__Task input__.

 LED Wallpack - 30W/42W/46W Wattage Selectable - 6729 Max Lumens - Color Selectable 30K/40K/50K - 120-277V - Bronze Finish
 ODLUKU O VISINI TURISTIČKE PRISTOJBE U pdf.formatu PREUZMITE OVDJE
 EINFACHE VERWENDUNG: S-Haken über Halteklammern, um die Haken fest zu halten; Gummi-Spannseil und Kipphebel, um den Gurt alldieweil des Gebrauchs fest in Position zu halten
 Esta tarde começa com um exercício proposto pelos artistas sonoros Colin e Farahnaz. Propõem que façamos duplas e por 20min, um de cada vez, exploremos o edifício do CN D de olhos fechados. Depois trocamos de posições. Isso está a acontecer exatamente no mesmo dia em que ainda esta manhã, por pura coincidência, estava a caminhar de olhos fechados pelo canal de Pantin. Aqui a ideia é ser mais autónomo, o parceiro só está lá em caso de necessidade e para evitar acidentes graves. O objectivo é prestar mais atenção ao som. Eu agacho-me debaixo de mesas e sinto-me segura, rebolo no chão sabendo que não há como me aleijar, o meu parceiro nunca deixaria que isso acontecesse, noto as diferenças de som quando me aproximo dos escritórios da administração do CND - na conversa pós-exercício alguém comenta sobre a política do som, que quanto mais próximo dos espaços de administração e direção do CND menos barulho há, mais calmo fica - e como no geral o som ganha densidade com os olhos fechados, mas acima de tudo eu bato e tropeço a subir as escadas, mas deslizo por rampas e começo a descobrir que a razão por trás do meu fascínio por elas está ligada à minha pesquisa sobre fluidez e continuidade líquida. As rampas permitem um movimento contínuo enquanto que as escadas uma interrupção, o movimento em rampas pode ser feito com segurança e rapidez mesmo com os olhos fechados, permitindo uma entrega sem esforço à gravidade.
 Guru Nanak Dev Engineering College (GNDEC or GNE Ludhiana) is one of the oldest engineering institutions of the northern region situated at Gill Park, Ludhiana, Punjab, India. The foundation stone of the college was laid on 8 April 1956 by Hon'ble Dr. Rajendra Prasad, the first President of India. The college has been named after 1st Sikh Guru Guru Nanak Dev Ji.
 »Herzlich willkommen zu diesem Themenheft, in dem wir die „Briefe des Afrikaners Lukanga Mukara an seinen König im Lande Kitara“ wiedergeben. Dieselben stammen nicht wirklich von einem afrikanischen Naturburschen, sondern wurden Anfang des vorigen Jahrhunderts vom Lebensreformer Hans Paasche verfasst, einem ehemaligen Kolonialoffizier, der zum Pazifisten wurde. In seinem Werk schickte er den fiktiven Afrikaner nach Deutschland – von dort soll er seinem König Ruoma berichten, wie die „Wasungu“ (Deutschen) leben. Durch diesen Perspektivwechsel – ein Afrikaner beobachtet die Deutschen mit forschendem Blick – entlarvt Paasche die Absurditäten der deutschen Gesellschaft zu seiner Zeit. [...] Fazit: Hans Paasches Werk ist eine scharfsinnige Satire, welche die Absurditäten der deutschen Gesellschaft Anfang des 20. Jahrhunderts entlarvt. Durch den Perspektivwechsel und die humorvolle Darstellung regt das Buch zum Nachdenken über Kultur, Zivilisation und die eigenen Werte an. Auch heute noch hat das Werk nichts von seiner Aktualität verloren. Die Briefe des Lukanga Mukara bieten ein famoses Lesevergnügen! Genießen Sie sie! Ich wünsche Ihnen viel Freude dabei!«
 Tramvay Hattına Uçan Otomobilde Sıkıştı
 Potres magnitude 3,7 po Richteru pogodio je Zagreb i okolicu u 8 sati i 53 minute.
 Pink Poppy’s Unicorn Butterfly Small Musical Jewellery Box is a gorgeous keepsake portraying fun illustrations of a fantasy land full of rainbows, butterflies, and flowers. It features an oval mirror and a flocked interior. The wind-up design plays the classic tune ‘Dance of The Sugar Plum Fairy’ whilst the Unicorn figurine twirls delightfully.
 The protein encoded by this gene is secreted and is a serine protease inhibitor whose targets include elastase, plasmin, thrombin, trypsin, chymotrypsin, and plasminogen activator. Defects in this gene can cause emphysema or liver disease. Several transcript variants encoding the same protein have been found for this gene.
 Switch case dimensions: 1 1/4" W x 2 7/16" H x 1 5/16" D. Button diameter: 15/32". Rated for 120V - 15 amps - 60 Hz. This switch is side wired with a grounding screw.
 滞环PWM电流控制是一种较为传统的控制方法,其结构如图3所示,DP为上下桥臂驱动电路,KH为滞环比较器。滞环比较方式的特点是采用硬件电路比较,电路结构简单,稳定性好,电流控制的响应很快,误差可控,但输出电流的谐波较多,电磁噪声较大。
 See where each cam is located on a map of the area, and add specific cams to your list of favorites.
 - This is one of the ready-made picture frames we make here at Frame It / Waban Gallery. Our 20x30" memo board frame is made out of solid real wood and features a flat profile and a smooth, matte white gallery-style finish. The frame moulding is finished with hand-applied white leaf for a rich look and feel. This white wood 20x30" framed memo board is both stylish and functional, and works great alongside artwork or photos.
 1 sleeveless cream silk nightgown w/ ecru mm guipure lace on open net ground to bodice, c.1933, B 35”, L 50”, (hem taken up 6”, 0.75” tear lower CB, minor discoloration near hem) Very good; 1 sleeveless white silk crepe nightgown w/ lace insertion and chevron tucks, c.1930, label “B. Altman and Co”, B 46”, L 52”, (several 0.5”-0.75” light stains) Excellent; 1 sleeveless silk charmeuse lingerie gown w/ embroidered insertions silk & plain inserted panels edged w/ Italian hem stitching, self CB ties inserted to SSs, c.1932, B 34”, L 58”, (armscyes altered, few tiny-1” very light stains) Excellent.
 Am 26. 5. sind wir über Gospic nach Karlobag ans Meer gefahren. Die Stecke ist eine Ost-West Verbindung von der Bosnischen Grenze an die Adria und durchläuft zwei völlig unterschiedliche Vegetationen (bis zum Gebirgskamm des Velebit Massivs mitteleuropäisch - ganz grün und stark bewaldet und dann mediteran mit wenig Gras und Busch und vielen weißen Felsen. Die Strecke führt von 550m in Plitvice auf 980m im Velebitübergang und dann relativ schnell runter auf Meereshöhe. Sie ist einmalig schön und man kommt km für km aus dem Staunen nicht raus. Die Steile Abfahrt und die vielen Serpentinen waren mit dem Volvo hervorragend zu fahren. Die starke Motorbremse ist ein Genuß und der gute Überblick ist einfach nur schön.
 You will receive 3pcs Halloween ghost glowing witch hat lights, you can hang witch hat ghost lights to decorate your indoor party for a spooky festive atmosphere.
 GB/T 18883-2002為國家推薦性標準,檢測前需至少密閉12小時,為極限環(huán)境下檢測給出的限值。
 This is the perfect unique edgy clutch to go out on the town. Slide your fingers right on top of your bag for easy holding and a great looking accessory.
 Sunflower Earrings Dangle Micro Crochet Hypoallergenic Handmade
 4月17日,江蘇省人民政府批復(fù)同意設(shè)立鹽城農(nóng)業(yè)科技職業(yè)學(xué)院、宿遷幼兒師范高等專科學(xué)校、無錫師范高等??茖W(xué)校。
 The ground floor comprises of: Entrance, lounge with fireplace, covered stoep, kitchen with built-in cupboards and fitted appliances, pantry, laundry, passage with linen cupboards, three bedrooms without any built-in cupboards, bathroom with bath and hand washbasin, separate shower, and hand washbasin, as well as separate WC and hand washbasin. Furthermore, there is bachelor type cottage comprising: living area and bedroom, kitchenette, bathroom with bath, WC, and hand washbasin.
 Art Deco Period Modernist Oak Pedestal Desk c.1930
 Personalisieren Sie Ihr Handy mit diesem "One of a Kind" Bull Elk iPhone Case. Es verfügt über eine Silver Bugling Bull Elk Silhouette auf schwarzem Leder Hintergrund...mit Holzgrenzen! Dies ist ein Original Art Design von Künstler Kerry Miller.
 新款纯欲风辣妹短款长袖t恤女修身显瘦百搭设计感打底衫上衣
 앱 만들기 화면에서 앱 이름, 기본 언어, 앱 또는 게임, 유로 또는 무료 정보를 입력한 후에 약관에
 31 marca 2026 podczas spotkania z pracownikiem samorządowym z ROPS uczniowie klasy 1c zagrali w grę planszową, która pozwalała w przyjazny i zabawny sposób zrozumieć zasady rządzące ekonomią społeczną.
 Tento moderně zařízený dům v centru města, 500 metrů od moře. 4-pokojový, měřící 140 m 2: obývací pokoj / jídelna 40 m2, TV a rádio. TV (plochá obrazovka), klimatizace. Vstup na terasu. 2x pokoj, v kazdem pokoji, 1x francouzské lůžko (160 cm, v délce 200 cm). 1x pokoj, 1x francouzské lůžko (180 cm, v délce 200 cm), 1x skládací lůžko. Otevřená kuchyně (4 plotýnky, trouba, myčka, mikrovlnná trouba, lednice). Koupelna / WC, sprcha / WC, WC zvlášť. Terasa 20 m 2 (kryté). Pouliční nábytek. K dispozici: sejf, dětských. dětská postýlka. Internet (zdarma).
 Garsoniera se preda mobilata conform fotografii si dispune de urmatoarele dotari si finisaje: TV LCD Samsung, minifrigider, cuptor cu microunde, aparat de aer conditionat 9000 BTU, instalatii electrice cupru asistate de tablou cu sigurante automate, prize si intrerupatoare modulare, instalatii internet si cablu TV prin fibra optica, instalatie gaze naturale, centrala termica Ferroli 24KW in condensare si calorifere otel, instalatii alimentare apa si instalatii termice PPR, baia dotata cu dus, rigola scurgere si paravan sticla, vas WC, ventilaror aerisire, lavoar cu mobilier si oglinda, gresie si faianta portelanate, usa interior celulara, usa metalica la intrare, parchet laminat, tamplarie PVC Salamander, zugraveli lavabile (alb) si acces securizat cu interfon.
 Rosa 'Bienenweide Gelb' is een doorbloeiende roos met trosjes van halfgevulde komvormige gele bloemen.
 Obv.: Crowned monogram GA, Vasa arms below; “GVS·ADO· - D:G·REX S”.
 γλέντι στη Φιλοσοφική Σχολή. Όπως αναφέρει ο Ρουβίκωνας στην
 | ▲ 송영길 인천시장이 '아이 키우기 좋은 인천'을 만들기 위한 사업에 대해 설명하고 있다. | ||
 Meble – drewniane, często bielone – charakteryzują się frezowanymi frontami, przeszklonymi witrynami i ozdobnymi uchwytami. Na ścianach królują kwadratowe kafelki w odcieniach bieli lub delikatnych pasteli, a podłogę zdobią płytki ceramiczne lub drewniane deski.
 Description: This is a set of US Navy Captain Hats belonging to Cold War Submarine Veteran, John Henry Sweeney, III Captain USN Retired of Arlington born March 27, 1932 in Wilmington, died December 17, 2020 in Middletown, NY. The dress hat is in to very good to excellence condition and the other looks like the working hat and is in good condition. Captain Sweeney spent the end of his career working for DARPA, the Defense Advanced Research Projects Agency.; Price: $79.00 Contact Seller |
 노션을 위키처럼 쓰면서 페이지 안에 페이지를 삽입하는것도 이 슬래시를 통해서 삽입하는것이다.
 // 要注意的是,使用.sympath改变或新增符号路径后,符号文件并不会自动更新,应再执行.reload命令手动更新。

__What is expected__. Scan the entries above for the line containing "Sunflower Earrings Dangle", and copy it and all lines after it exactly, down to and including the line containing "4月17日,江蘇省人民政府批".

__Written answer__.
 Sunflower Earrings Dangle Micro Crochet Hypoallergenic Handmade
 4月17日,江蘇省人民政府批復(fù)同意設(shè)立鹽城農(nóng)業(yè)科技職業(yè)學(xué)院、宿遷幼兒師范高等專科學(xué)校、無錫師范高等??茖W(xué)校。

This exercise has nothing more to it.